P.S. Ich freue mich das soviele Leute antworten. Klasse.


----------



## Dennis Wronka (25. Februar 2007)

Also wenn Du die Logindaten fuer Deinen Router nicht kennst nuetzt Dir die beste Erklaerung nichts.
Ausserdem ist es schwer sowas einfach mal eben zu erklaeren, da das zwar auf allen Routern mehr oder wenig aehnlich ablaeuft jedoch die Menues eben alle anders heissen.
Schau doch einfach mal in die Anleitung Deines Routers, dort solltest Du was darueber finden koennen.
Gute Stichworte um mal im Index zu schauen duerften NAT und/oder Port-Forwarding sein.


----------



## Nohh (25. Februar 2007)

Hi,
also ich bin jetzt in meinem Router drin, wie kann ich nun die Ports öffnen?


Gruß,
Nohh


----------



## Dennis Wronka (25. Februar 2007)

Nohh hat gesagt.:


> Hi,
> also ich bin jetzt in meinem Router drin, wie kann ich nun die Ports öffnen?
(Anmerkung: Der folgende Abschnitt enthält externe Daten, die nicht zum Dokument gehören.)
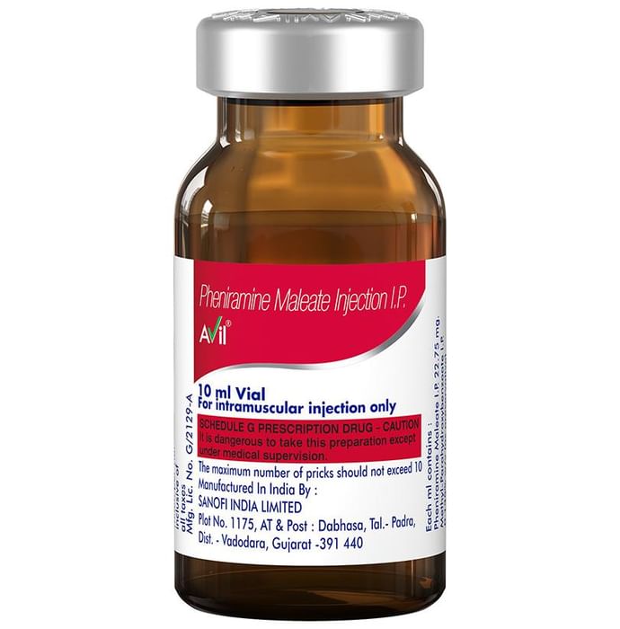 Manufacturer details:                                                                                Marketer details:Sanofi India Ltd | Sanofi House, CTS No.117-B, L&T Business Park, Saki Vihar Road, Powai, Mumbai 400072,                                                                                                Description:Avil Injection is an antihistamine used to treat allergic conditions (such as hay fever, drug rashes, allergic conjunctivitis, food allergy, etc.), respiratory tract conditions, and other skin conditions. It effectively reduces the severity, duration, and occurrence of symptoms and provides quick relief.Avil Injection is also used to treat and prevent motion sickness, symptoms of Meniere’s disease (such as nausea, vomiting and vertigo), and other associated labyrinthine disturbances.It is given as an injection into veins or muscles under the supervision of a doctor. It should be used as per the instruction of your doctor. The dose and how often you take it depends on what you are taking it for. Your doctor will decide how much you need to improve your symptoms. You should take Avil Injection for as long as it is prescribed for you.Sedation is the most common side effect of Avil Injection. Avoid driving or attention-seeking activities. If these bother you or appear serious, let your doctor know. There may be ways of reducing or preventing them. In some cases, it may cause dry mouth, so it is advised to drink more water, always carry sugar candy, or maintain oral hygiene.Before taking this medicine, let your doctor know if you have glaucoma, asthma, or high blood pressure. Inform your doctor if you are pregnant, or breastfeeding. Your doctor should also know about all other medicines you are taking as many of these may make this medicine less effective or change the way it works. Generally, it is advised to avoid alcohol while on treatment with Avil Injection.

Dennis Wronka hat gesagt.:


> Ausserdem ist es schwer sowas einfach mal eben zu erklaeren, da das zwar auf allen Routern mehr oder wenig aehnlich ablaeuft jedoch die Menues eben alle anders heissen.
> Schau doch einfach mal in die Anleitung Deines Routers, dort solltest Du was darueber finden koennen.
> Gute Stichworte um mal im Index zu schauen duerften NAT und/oder Port-Forwarding sein.


----------



## Nohh (25. Februar 2007)

Hi,
also ich hab die Anleitung bereits benutz um überhaupt den Router zu finden ^^

ich habe mal nen Screen geschossen:

http://img237.imageshack.us/img237/4953/routerrq6.jpg

Gruß,
Nohh


----------



## Dennis Wronka (25. Februar 2007)

Super Screenshot...
Naja, ich nehme mal an, dass das was Du suchst irgendwo unter Advanced zu finden sein duerfte.

Und wenn Du die Anleitung bereits zum Finden des Routers genutzt hast solltest Du sie ja noch griffbereit haben um mal im Index nach den oben genannten Begriffen zu schauen.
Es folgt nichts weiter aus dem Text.